A Wine Blogger’s Song in 3 Parts. Part III. Wines in the Hands of Crafty Women

Shoop, shoop, shoop ♪♫

So what to do after an all-day meditation retreat on goodness/merit? Visit my favorite wine shop, Bay Grape, especially since they were hosting a special event featuring Italian winemakers – all women who make organic wine.

I believe that relationships matter and so you need to get to know your producers when you can or connect to those (like your shop owner) who have those relationships. I came to this tasting to meet the producers and taste their wines, knowing that later when I would pick up a bottle from that winemaker, the experience would be even more meaningful and delightful.

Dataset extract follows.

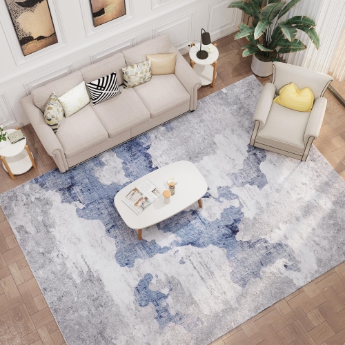 Modern Abstract Area Rug - 8' x 10' Area Rug Carpet, Non-Slip Non-Shedding Washable Rugs for Living Room and Bedroom, Blue

I tasted four wines by four different women winemakers that night. The wine that blew my mind was a simple red that would be perfect to pour at a picnic on a sunny day: fresh fruit aromas that leapt out of the glass and, on the palate, sour cherry, blueberries and herbs – no oak influence. So delicious we could not put it down and I can’t wait to have more, creating a sunny picnic in the midst of winter. Thank you Matilde Poggi for your skill in making the Le Fraghe Bardolino  from the indigenous Corvina and Rondinella grapes.

So if you find this wine from Lake Garda in Veneto, please give it a try – it promises to enchant. And remember, know your producer!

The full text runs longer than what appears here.